● PROBLEM:
Copy word for word the lines in the records below, starting at the line with "Banking around in" and ending at the line with "- Bolso en tono verde oscuro". Skip the pictures.

● RECORDS FOR THIS EXERCISE:

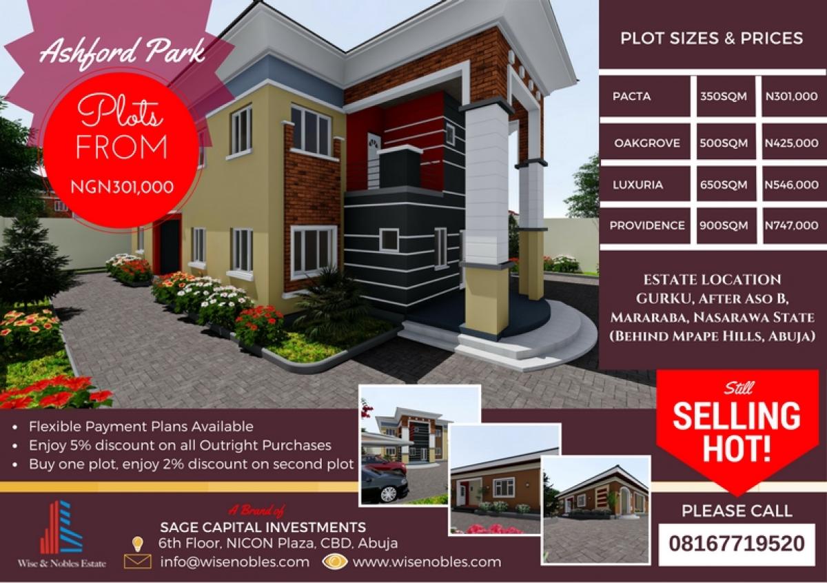 Affordable Plots Now Selling Hot in Abuja FCT. Limited Plots Available. 350SQM at N301,000 500SQM at N425,000 650SQM at N546,000 900SQM at N747,000 450SQM at 600SQM at
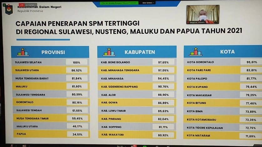 REPUBLIKNEWS.CO.ID, MAKASSAR – Standar Pelayanan Minimal (SPM) yang dilaksanakan oleh Pemprov Sulsel menjadi yang terbaik dan memperoleh nilai tertinggi 100 persen di regional Sulawesi, Nusa Tenggara, Maluku dan Papua atau Kawasan Timur Indonesia (KTI) untuk tahun 2021.
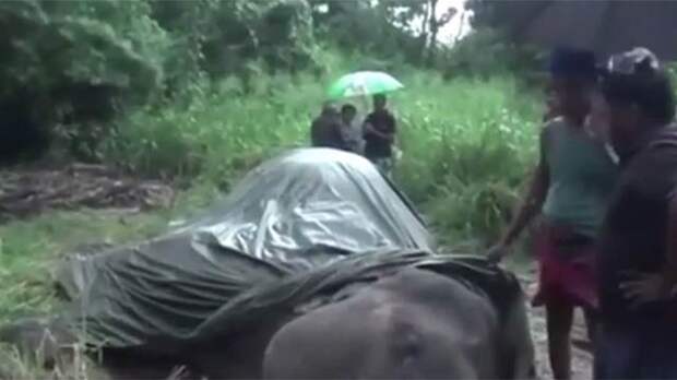 В Шри-Ланке местные жители запечатлели слона, который лежит на земле. Его под дождем накрывают местные жители из соседнего города Сигирии. По данным издания Dailymail, на кадрах запечатлен слон мужского пола по имени Канакота, ему было 18 лет.
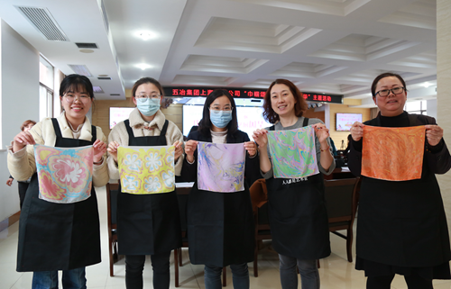 在水拓絲巾手工制作活動(dòng)中感受文化遺產(chǎn)之美,并為女職工們送上“玫瑰陣”和祝福語(yǔ)。
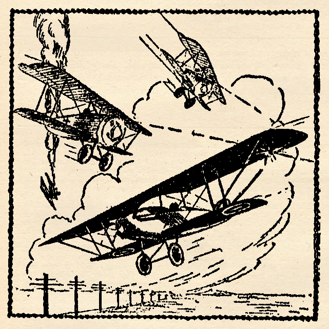 Banking around in a tight turn so as to attack from an angle, the Frenchman opens his throttle wide and comes tearing down across the sky, head-on into the enemy formation. One burst of fire is enough to knock the leader out of position, and as he falls rapidly in a sickening spin, blue smoke begins curling up around his fuselage. Suddenly he is a mass of fire—a flamer!
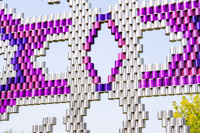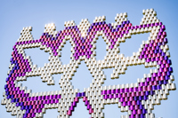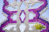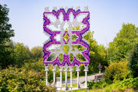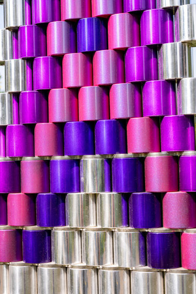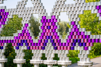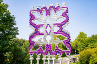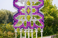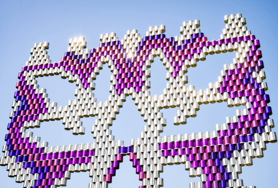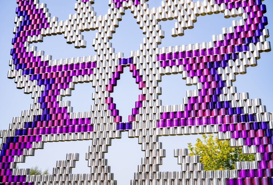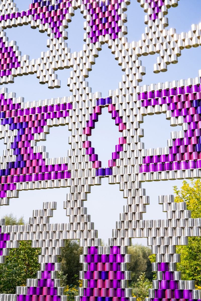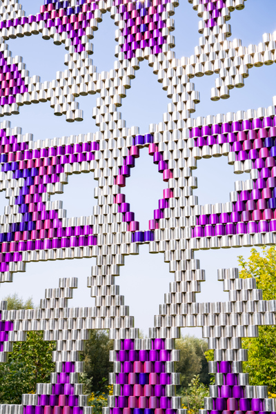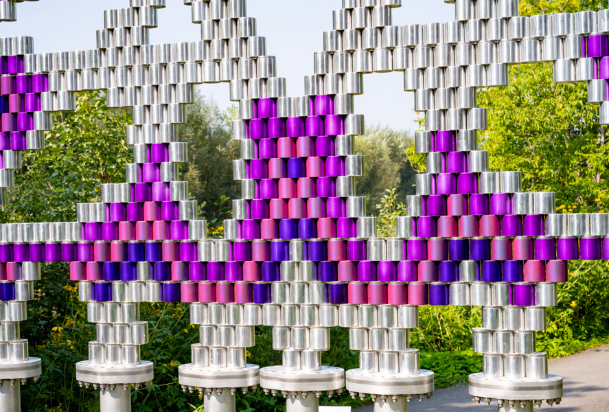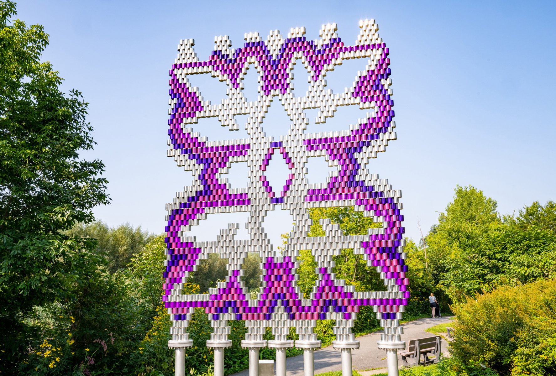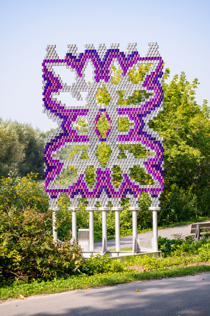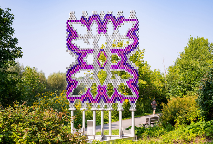 Quel délicat motif semble ici brodé dans le rideau de verdure ? Cette sculpture se compose de perles métalliques peintes en nuances de rose ou polies comme des miroirs. Sa silhouette géométrique figure une plante médicinale. Une dentelle qui encadre et reflète le paysage. De fait, cette œuvre contemporaine réinvente l’art autochtone du tissage de perles colorées. En agençant les pièces, elle symbolise les liens qui nous unissent aux objets et aux lieux. Elle métisse ainsi les époques et les cultures tout en célébrant la magie de la nature. Son titre signifie d’ailleurs « faire une offrande et rendre grâce » en langue anichinabée.
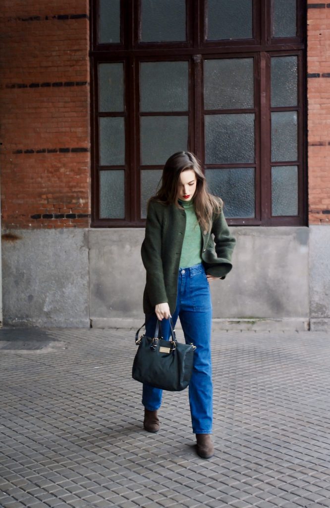 - Bolso en tono verde oscuro
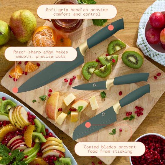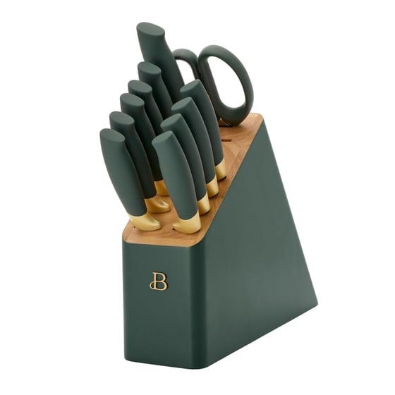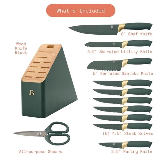 Beautiful 12 Piece Thyme Green and Gold Knife Block Set with Soft-Grip Ergonomic Handles by Drew Barrymore
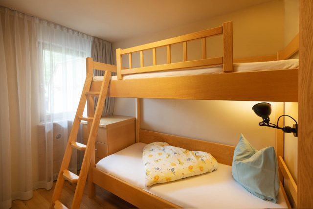 Das Appartement Medium ist ca. 37m² groß mit Schlafraum, kleinem getrennten Kinderzimmer (mit Stockbetten – Maße: 80 x 190 cm), Vorraum, Kästen und Schränke aus hellem Eschenholz, Boden elegant als Holzdielenboden ausgeführt, sowie großem Balkon.
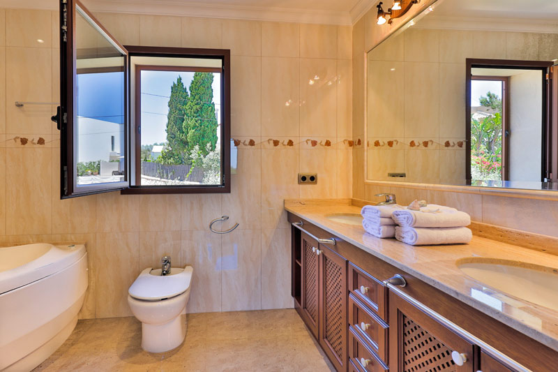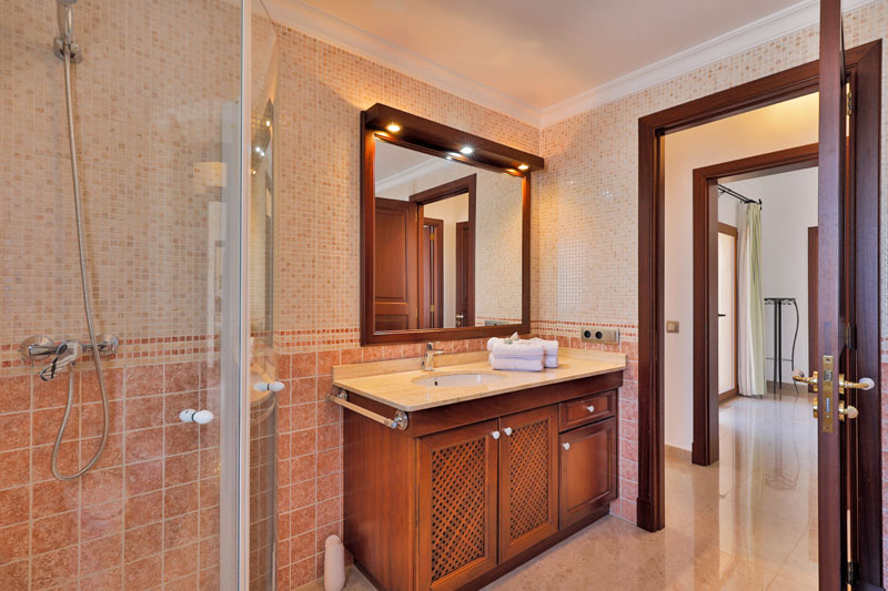 | Neben dem bereits erwähnten Ensuite Bad im Erdgeschoss gibt es in der oberen Etage 2 weitere Badezimmer. Eines liegt ebenfalls ensuite zu einem der Schlafzimmer und ist mit Badewanne, Waschtisch, Bidet und WC ausgestattet. Das andere Bad verfügt über Dusche, Waschbecken und WC. |

● RESPONSE BELOW:
 Banking around in a tight turn so as to attack from an angle, the Frenchman opens his throttle wide and comes tearing down across the sky, head-on into the enemy formation. One burst of fire is enough to knock the leader out of position, and as he falls rapidly in a sickening spin, blue smoke begins curling up around his fuselage. Suddenly he is a mass of fire—a flamer!
 Quel délicat motif semble ici brodé dans le rideau de verdure ? Cette sculpture se compose de perles métalliques peintes en nuances de rose ou polies comme des miroirs. Sa silhouette géométrique figure une plante médicinale. Une dentelle qui encadre et reflète le paysage. De fait, cette œuvre contemporaine réinvente l’art autochtone du tissage de perles colorées. En agençant les pièces, elle symbolise les liens qui nous unissent aux objets et aux lieux. Elle métisse ainsi les époques et les cultures tout en célébrant la magie de la nature. Son titre signifie d’ailleurs « faire une offrande et rendre grâce » en langue anichinabée.
 - Bolso en tono verde oscuro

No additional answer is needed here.